In this embodiment, the minimum bounding rectangle is the smallest rectangle drawn along one circle outside the divided product, and the shape of the divided product can be determined.

In this embodiment, the shape factor is expressed as a shape description factor of the divided finished product within each divided region, and an outermost periphery shape description factor of the structure of the finished product, by which the structure of each divided finished product can be obtained.

In this embodiment, the precision analysis is expressed as a fine shape and texture analysis or the like on a standard finished structure.

In this embodiment, the relevant evaluation index is expressed as a key evaluation dimension factor and a dimension index, such as a qualification degree, for the qualification evaluation of the finished product.

In this embodiment, all the related evaluation indexes are integrated into a texture evaluation system, a texture parameter model is constructed according to the texture evaluation system, that is, the system is subjected to model training, training samples are the evaluation indexes and the texture parameters related to the evaluation indexes, and then the neural network model is trained to obtain the texture parameter model.

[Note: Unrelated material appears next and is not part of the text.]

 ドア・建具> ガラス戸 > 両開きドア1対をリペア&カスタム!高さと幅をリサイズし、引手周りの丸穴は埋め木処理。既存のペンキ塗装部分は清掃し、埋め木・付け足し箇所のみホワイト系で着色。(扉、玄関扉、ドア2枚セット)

The beneficial effects of the above technical scheme are: the qualification degree of the shot finished product is determined by processing the shot finished product, so that the finished product can be evaluated from the finished product and the processing dimension, the evaluation result is more accurate, a good foundation is laid for subsequent work, and the stability is improved.

Example 10:

control system to this flexible section of jurisdiction production line still includes:

PLC automatic control system: the system is composed of Mitsubishi WORKS2 software, 7L 02-P PLC and TGC65 (S) -MT/UT/ET touch screens, and carries out on-site bus control through a wirelessly connected Ethernet network;

the control mode is divided into a manual mode and a linkage mode. In the linkage operation mode, the operation action instructions on the production line are automatically sent out by the central control system according to the external feedback signals to realize operation. In the manual state, the selection and the corresponding action are completed manually, and each step of action operation is completed independently and is not linked with each other. The working state of the whole production line can be dynamically monitored through the HMI touch screen, and the running working state of each part is clear at a glance.

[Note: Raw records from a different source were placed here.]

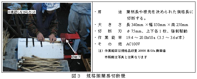 本機は剥葉を行った葉柄部と根先の切断を行う簡易切断機で、作業能率は10a当たり19.4〜20.0時間である(図3)。
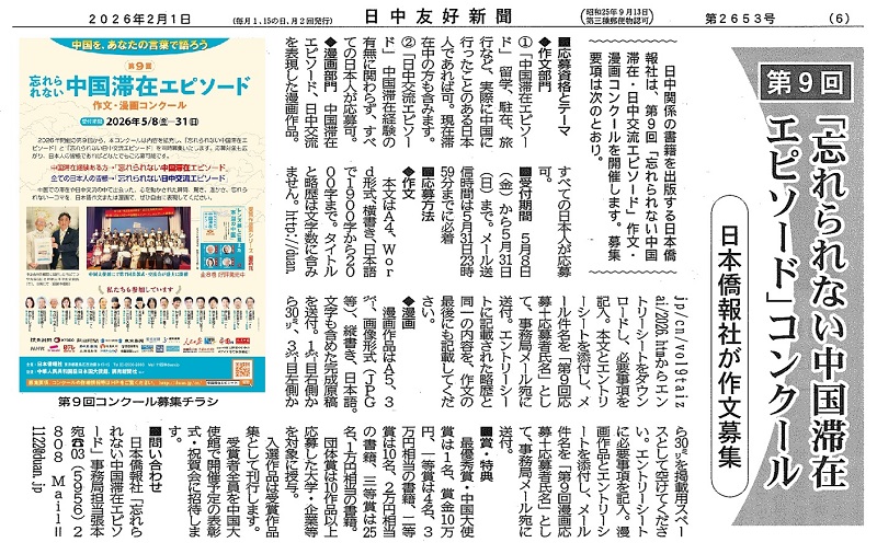 "日本と中国"を読む、「忘れられない中国滞在エピソード受賞作品集」 |
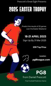 For this season, the top 2 players will be promoted to Season 4's Platinum League (2025/26) with the winner also picking up a trophy. The next 6 eligible players will enter play offs to then confirm 3 more players Platinum League status next season. This game will be running on our brand new app with football friend Daniel Waddington completing fixture selection and results updating duties along the way.

The control process comprises the following steps: after receiving the position instruction, the mold-feeding ferry vehicle starts to move, when the encoder of the primary vehicle reaches a set value, the running speed of the motor is reduced, the ferry vehicle is accurately positioned by using the positioning switch, and simultaneously a feedback signal is provided for the control system, the secondary vehicle starts to enter a corresponding station in the kiln to place the mold according to the system instruction, the mold is placed back to the primary vehicle after the mold placement is finished, and the primary vehicle returns to the conveying chain to wait for the next action instruction; similarly, the mold-removing ferry vehicle starts to move after receiving the position instruction, when the encoder of the primary vehicle reaches a set value, the running speed of the motor is reduced, the ferry vehicle is accurately positioned by using the positioning switch, and simultaneously a feedback signal is provided for the control system, the secondary vehicle starts to enter a corresponding station in the kiln for mold removal according to the system instruction, the mold removal is finished and returns to the primary vehicle, and the primary vehicle returns to an operation line end to wait for a next action instruction; when the mold is placed on the mold discharging operation line by the mold discharging vehicle, the mold is pushed forwards to a station by the mold discharging operation line according to a system instruction, the vibrating chamber cover plate descends and is locked, the concrete begins to be poured, the pouring is finished, the cover plate is unlocked and rises, the lifting table descends, the mold feeding operation line starts to push the mold forwards to a station, then the conveying chain moves the mold forwards to a station to reach the position of the mold feeding vehicle, and a cycle is finished.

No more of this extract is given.